739. Daily temperatures Leetcode Solution
Daily temperatures Leetcode Problem :
Given an array of integers temperatures represents the daily temperatures, return an array answer such that answer[i] is the number of days you have to wait after the ith day to get a warmer temperature. If there is no future day for which this is possible, keep answer[i] == 0 instead.

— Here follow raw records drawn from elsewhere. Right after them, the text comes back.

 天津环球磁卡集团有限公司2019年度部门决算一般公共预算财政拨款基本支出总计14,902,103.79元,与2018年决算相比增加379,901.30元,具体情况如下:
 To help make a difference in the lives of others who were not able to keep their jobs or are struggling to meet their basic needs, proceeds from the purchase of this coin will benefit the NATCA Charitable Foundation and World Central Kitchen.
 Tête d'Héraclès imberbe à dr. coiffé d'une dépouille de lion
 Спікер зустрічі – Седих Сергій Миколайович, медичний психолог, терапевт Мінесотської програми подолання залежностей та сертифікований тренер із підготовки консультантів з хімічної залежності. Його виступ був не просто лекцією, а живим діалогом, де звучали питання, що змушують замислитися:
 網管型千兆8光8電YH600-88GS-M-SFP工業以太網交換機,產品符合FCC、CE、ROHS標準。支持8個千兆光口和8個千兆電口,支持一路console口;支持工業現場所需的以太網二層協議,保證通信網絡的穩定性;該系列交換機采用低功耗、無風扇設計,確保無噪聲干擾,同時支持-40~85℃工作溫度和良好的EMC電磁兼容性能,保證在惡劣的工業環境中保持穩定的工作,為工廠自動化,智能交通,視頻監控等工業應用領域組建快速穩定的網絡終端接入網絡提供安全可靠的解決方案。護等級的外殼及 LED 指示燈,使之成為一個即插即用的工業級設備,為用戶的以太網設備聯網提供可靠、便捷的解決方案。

Daily Temperature Leetcode Solution :
Constraints :
- 1 <= temperatures.length <= 10^5
- 30 <= temperatures[i] <= 100
Example 1:
- Input: temperatures = [30,40,50,60]
- Output: [1,1,1,0]
Example 2:
- Input: temperatures = [30,60,90]
- Output: [1,1,0]
Intuition :
The problem involves finding the number of days one has to wait until a warmer temperature is reached. A stack-based approach can efficiently track the temperatures and their indices while updating the answer.
- Initialize an empty stack stk to store temperatures and their corresponding indices.

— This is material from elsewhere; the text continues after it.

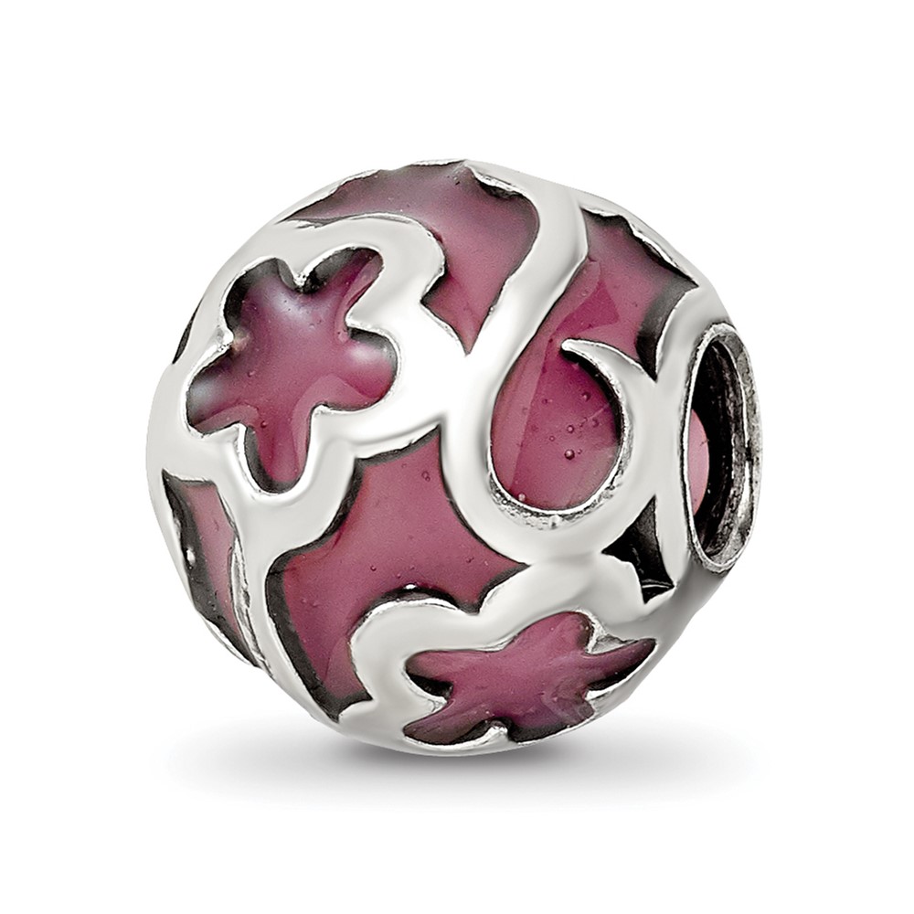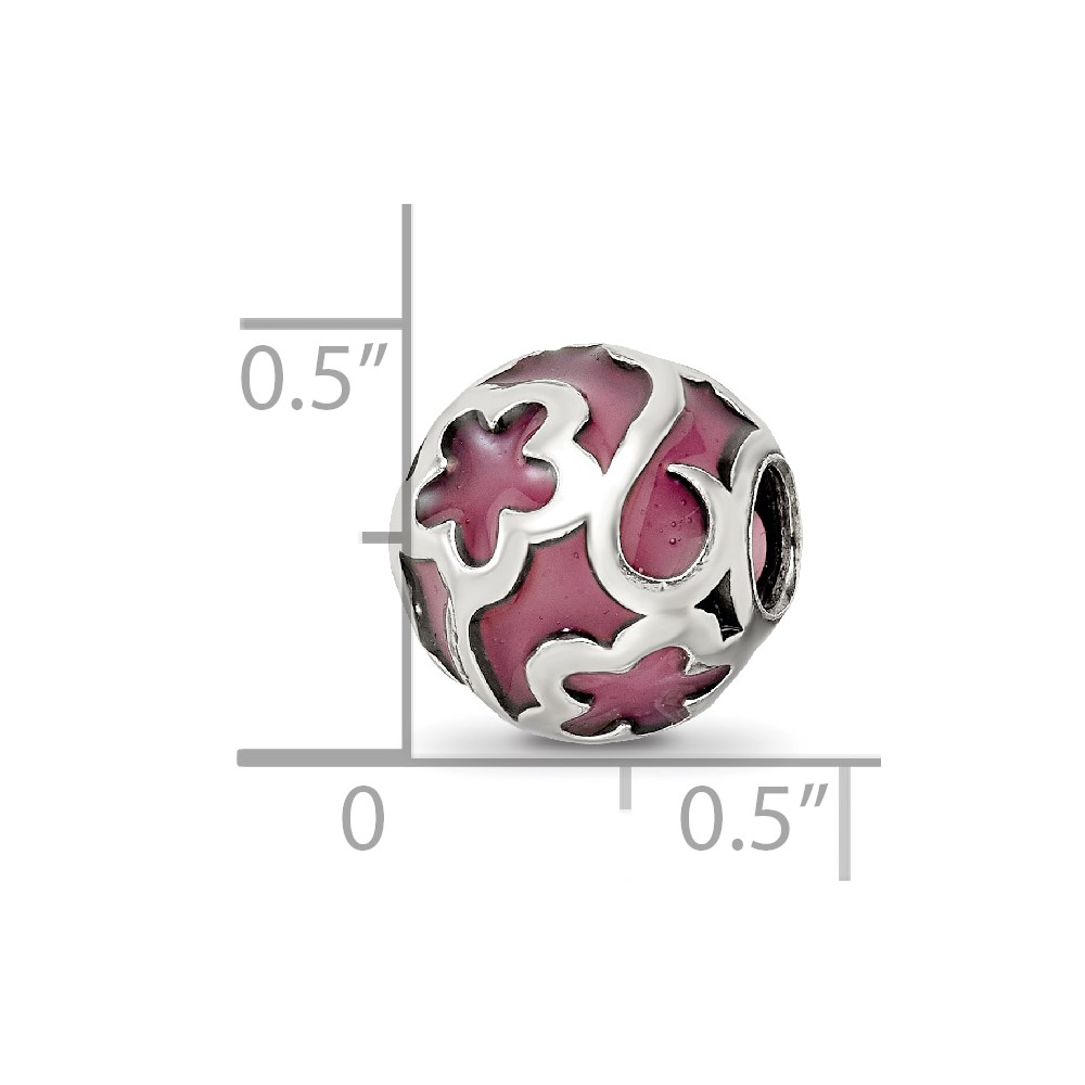 Sterling Silver Reflections Purple Floral Enameled Bead

- Initialize a vector ans of the same length as the input temperatures to store the number of days to wait for each temperature. Initialize all values in ans to 0.
- Iterate through the temperatures vector. For each temperature t at index i:
- While the stack is not empty and the current temperature t is greater than the temperature on top of the stack, pop temperatures from the stack and update the corresponding ans values with the number of days to wait.
-
Push the current temperature t and its index i onto the stack.
- After processing all temperatures, the ans vector contains the number of days to wait for each temperature.
- Return the ans vector as the result.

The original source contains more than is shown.